Note 1–Description of the Plan
The following is a brief description of the Ball Corporation 401(k) and Employee Stock Ownership Plan (the “Plan”). Participants should refer to the Plan Document or the Summary Plan Description for more complete information.
General
The Plan is a defined contribution plan established on September 1, 1983. Ball Corporation (the “Company”) is the Plan’s Sponsor and the Plan was administered by the Employee Benefits Administration Committee (“EBAC”). On March 4, 2020, the EBAC was absorbed into the Global Pension Benefits Committee (“GPBC”), and the GPBC became the administrator of the Plan. The Plan was amended and restated on July 1, 1989, under the rules of The Internal Revenue Code of 1986, as amended (“IRC”), Section 401(k), to add an employee stock ownership (the “ESOP”) feature which was qualified under IRC Sections 401(a) and 4975(e)(7). The Plan was most recently amended and restated effective January 1, 2015.
The Plan is subject to the provisions of the Employee Retirement Income Security Act of 1974, as amended (“ERISA”). The Plan is not insured by the Pension Benefit Guaranty Corporation.
Effective January 1, 2020, the Plan was amended to update the definition of eligible earnings for one location.
On December 20, 2019, the Setting Every Community Up for Retirement Enhancement Act (“SECURE Act”) was passed into law. The SECURE Act allows participants turning age 70 ½ during 2020 or subsequent to defer required minimum distributions until age 72. The Plan has adopted the provisions of the SECURE Act and has amended the Plan effective January 1, 2020.
On March 27, 2020, the Coronavirus Aid, Relief, and Economic Security Act (“CARES Act”) was passed into law. The CARES Act expands the ability of certain 401(k) plan participants to withdraw, penalty free, funds from their vested retirement plan accounts (up to $100,000), increases the participant loan limit to $100,000, and delays loan repayments for up to one year, subject to the certain participant eligibility criteria. The Plan adopted the provisions of the CARES Act related to expanded ability of withdrawals and allowed for delayed loan repayments for up to one year if requested by participants. The Plan will later be amended to include these provisions.

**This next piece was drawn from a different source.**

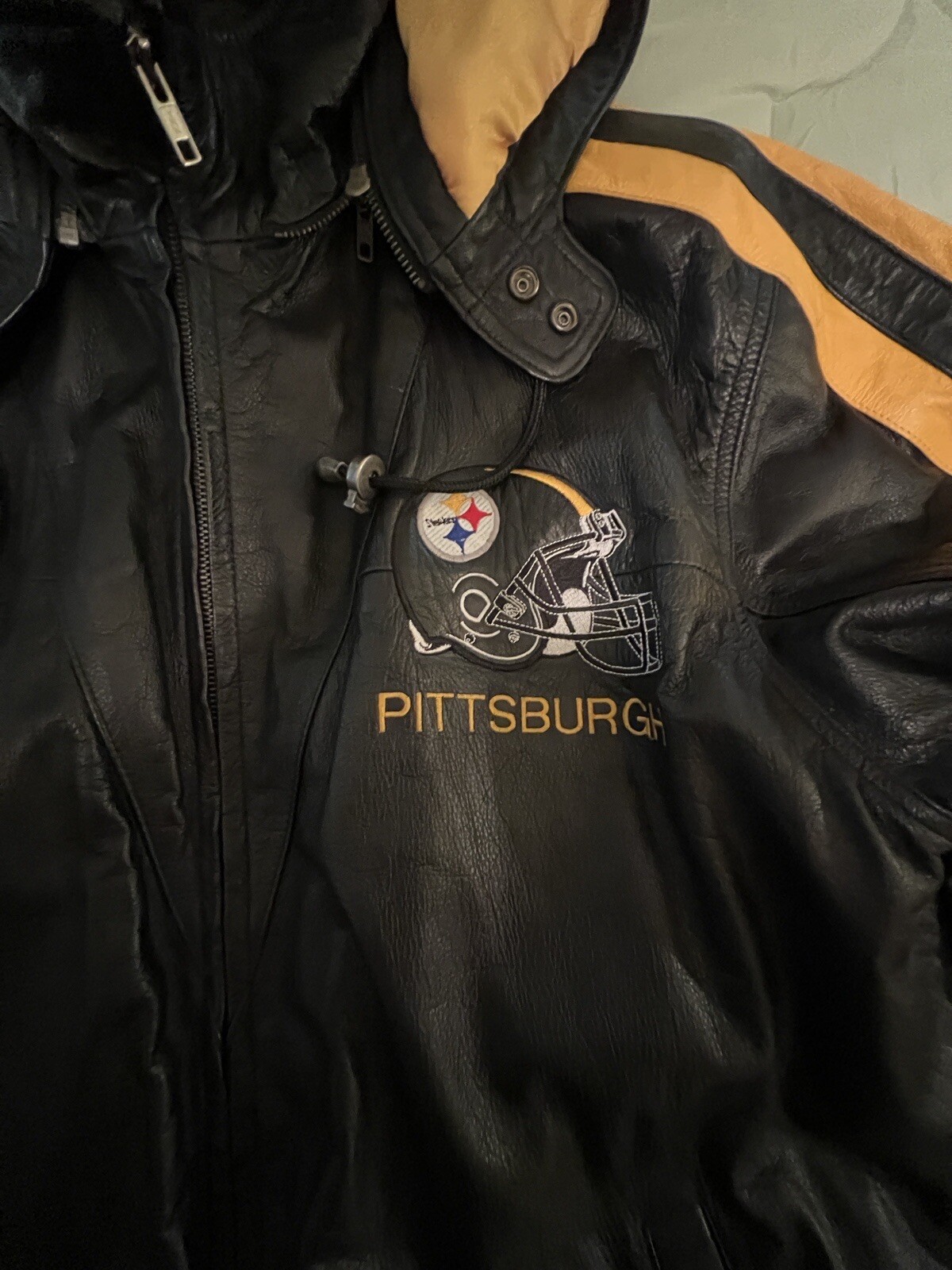 как выглядит Carl Banks Steelers Long Jacket With Hood XL Leather фото

Effective December 31, 2020, the Rexam Retirement Savings Plan for Collectively Bargained Employees (the “Rexam Plan”) was merged into the Plan. To facilitate this transition, participants of the Rexam Plan were not able to direct or diversify investments to their accounts, change address, make unscheduled loan payments, or obtain a loan or distribution from their prior plan accounts from December 28, 2020 through the week of January 10, 2021. Net assets of approximately $43 million were transferred into the Plan, which included participant investment balances and loan balances of approximately $42 million and $1 million, respectively.
Trustee and Recordkeeper of the Plan
The Trustee of the Plan is Vanguard Fiduciary Trust Company (the “Trustee” or “Vanguard”). The Trustee holds all assets of the Plan in accordance with provisions of the agreement with the Company. Vanguard is also the recordkeeper of the Plan.
Eligibility
All U.S. salaried and hourly employees of the Company, who are over 18 years of age and are in participating subsidiaries, are eligible to participate in the Plan. Eligibility to participate in the Plan begins with the first day of employment. An eligible employee who does not make an election about his or her participation in the Plan is automatically enrolled 30 days after his or her eligibility date. Temporary and occasional workers must complete a year of service, as defined in the Plan Document, prior to being eligible.